「国民食」テンペが消える? 生産中止で救済訴え 輸入一辺倒に批判
インドネシアの国民食ともいわれるテンペの主原料として使われる大豆の価格が高騰し、生産者を直撃している。大豆のほとんどを米国からの輸入に頼っており、干ばつによる大豆高騰が直撃した格好。首都圏のテンペ・豆腐生産者は「政府が手を打たなければテンペが消える」と、救済を訴えるため、今週にも生産を中止する構えだ。輸入一辺倒で国内農業振興をなおざりにしたとして、経済専門家からも政策を批判する声があがっている。

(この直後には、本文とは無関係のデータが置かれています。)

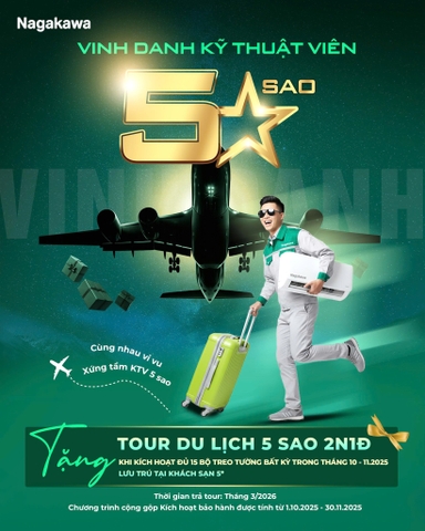 Trong suốt những năm qua, đội ngũ kỹ thuật viên lắp đặt điều hòa Nagakawa đã đóng vai trò then chốt trong việc đưa sản phẩm chất lượng cao của thương hiệu đến với hàng triệu gia đình Việt. Họ là những người làm việc thầm lặng, luôn đảm bảo từng bộ máy được lắp đặt chuẩn kỹ thuật, vận hành an toàn và hiệu quả. Nhằm tôn vinh những đóng góp ấy, Nagakawa triển khai chương trình ưu đãi lớn nhất trong năm – “Vi vu tour du lịch 5 sao – Xứng tầm kỹ thuật viên 5 sao”.
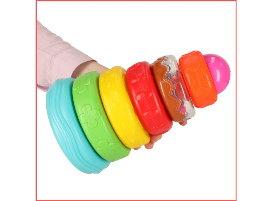Barevná vzdělávací věž s kruhy v různých barvách a texturách.
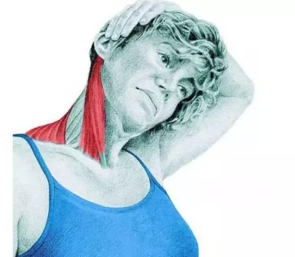 肌肉 :胸锁乳突肌、上斜方肌拉伸 :手放在对侧耳朵上,头往手那侧倒,耳朵靠肩膀;脖子保持有力不塌陷,右肩膀下沉。
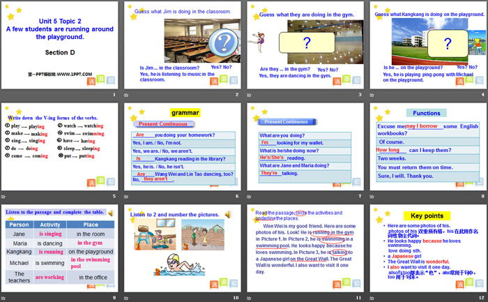 《A few students are running around the playground》PPT,第三部分内容:Key points
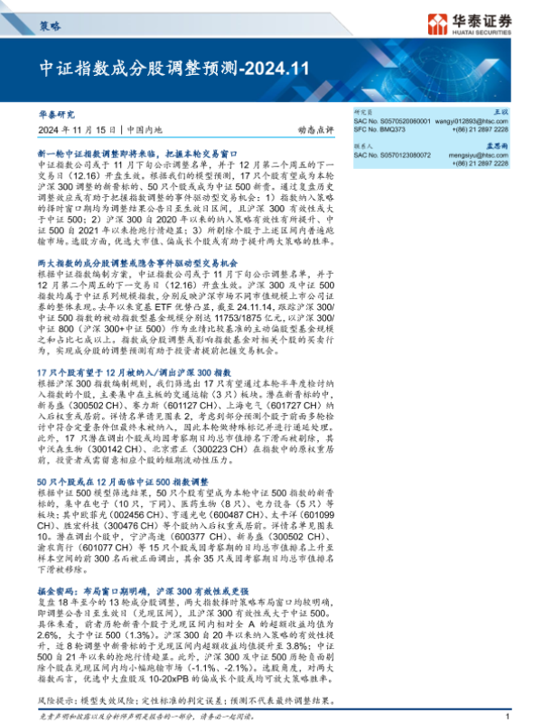 【华泰证券】【20241115】策略动态点评:中证指数成分股调整预测-2024.11-12页
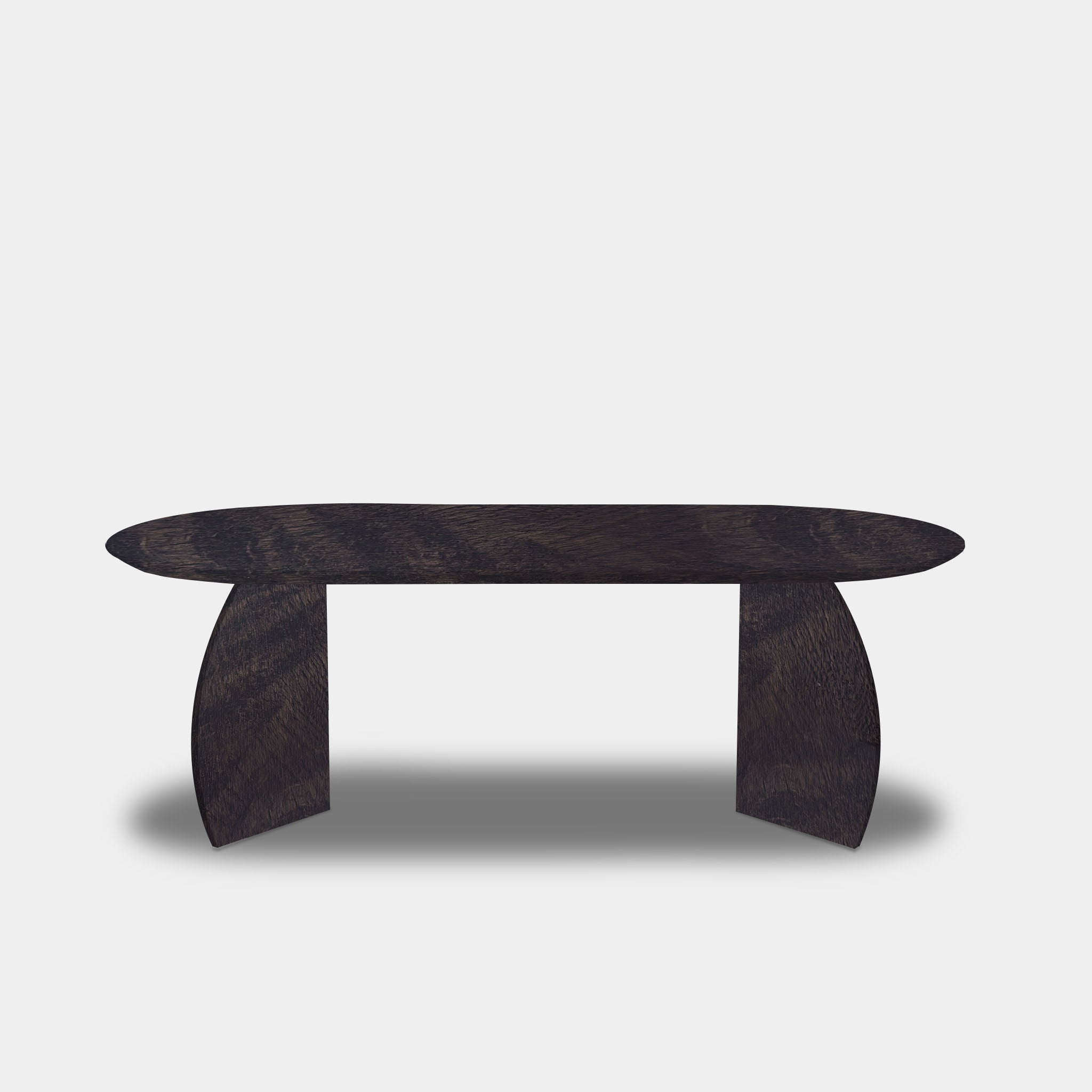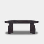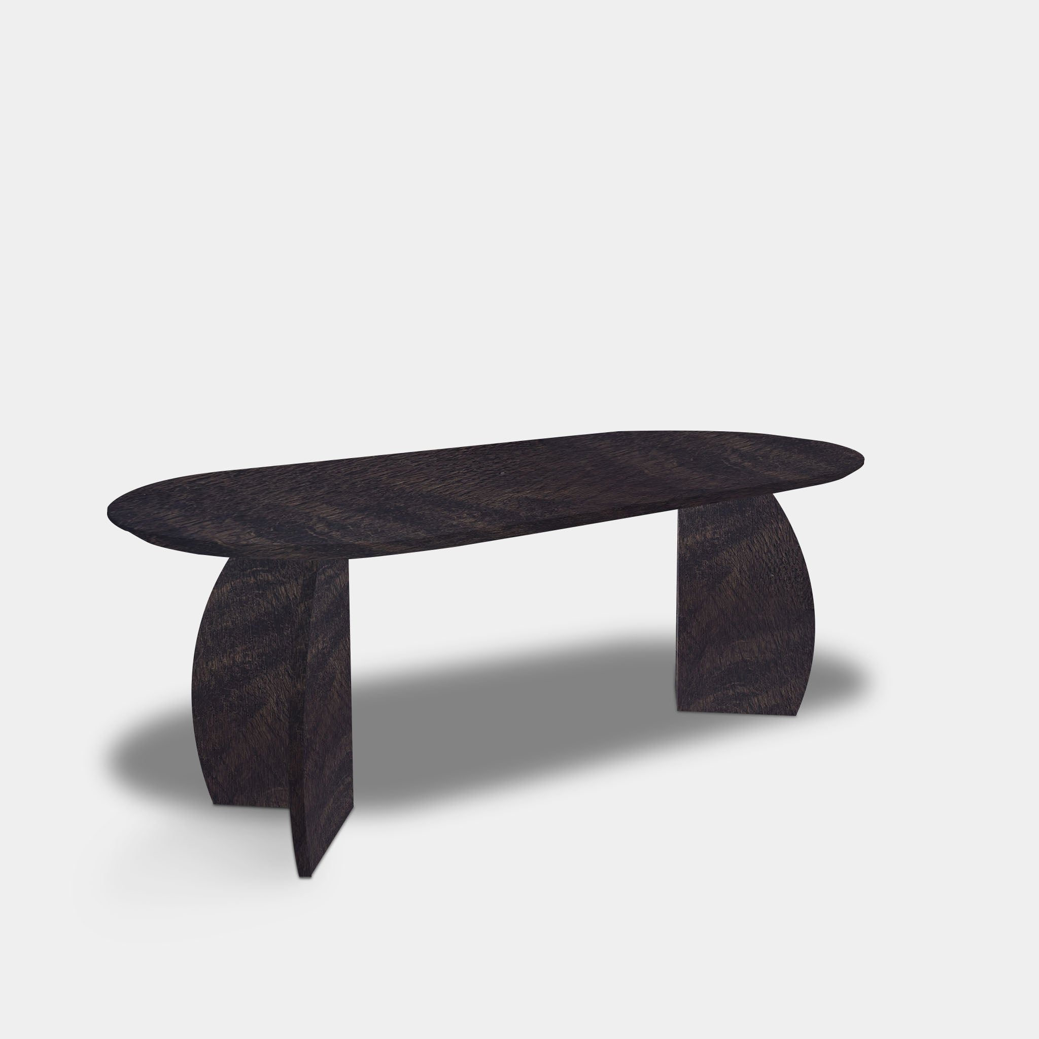 Deze moderne plat ovale tafel van massief eikenhout, afgewerkt in de diepe kleur Dark Grey, combineert kracht en verfijning met een tijdloos ontwerp. Het afgeplatte ovale blad zorgt voor een strak, vloeiend silhouet, terwijl het robuuste half rond onderstel, meegespoten in dezelfde kleur, zorgt voor een krachtig en stijlvol fundament.

生産中止を打ち出しているのはインドネシア・テンペ・豆腐・協同組合ジャカルタ支部(組合員4821業者)で、原料として月1万トンの大豆を使用する。同支部のスハルト支部長は「このままでは利益の確保は難しい。政府が問題に取り組まねば、生産中止は全国(8万3545業者)に広がるだろう」と警告している。
同協同組合によると、今年3月に1キロ当たり5500ルピアだった大豆価格は、7900ルピアに上昇したという。主要因は、1956年以降最悪とされる米国の干ばつによる大豆価の高騰。インドネシアは大豆の輸入総量(10―11年の1年間で189万7千トン)の91.2%を米国産に頼っている。ラマダン(断食月)に伴う物価全体の上昇も重なった上、簡単には販売価格に転嫁できないため、生産者には泣きっ面に蜂の状態だ。

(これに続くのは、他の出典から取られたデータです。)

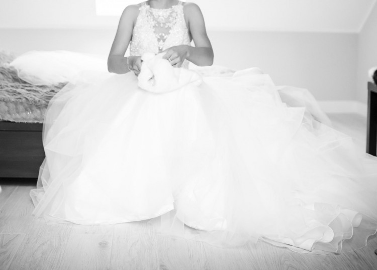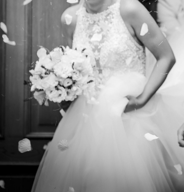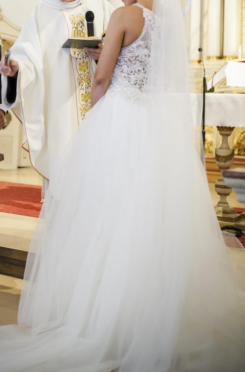 Suknia szyta była w Stanach Zjednoczonych w kolorze ivory, jest lekka z przyjemnością spędziłam w niej całą noc, z tyłu posiada tren który można podczepić do sukni dodaje welon długi oraz halkę tzw.koło pod suknie jest bardzo smukłe i delikatne. Które miało za zadanie swobodne ruchy podczas tańczenia.
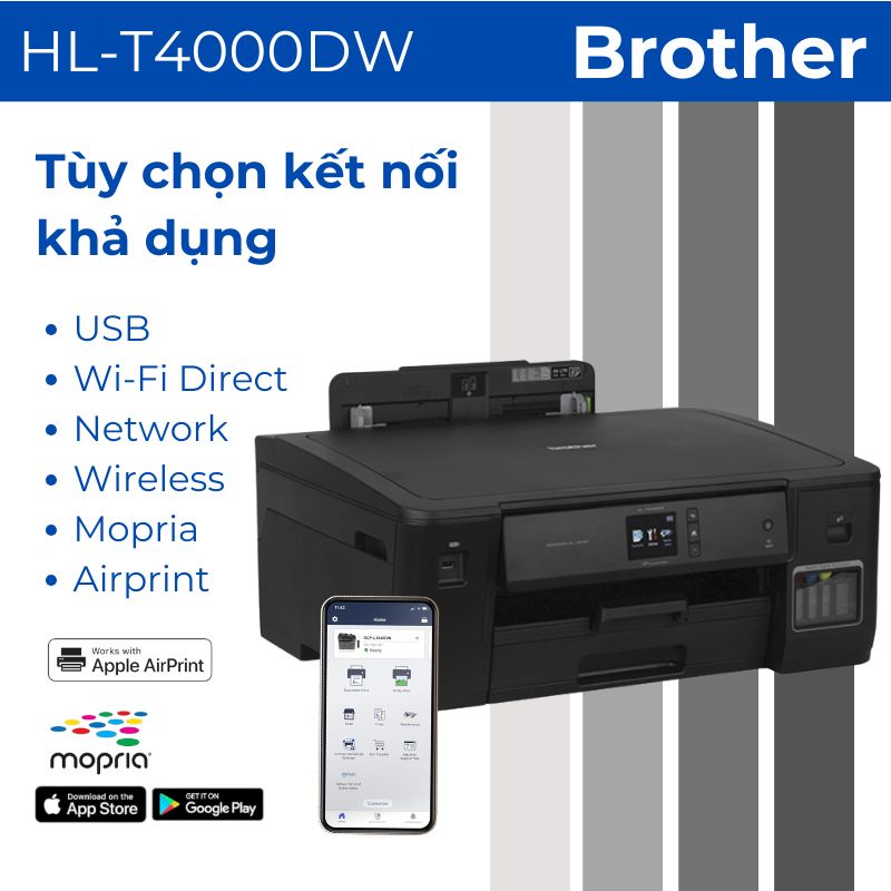 Wi-Fi Direct và AirPrint/Mopria hỗ trợ in từ iOS và Android một cách liền mạch. Ứng dụng Brother Mobile Connect mở rộng khả năng quản lý và điều khiển máy từ xa, phù hợp xu hướng làm việc linh hoạt.

農業経済学者で、経済金融開発研究所のブスタヌル・アリフィン氏は、大豆の生産振興や研究に割り当てられる予算は小額であることなどを理由に、「政府は大豆の国内生産量を上げるための策を打っていない」と批判。国内農業の競争力低下を招き、「テンペと豆腐業者が原料を品質面でも輸入品に頼る一因になっている」と嘆いた。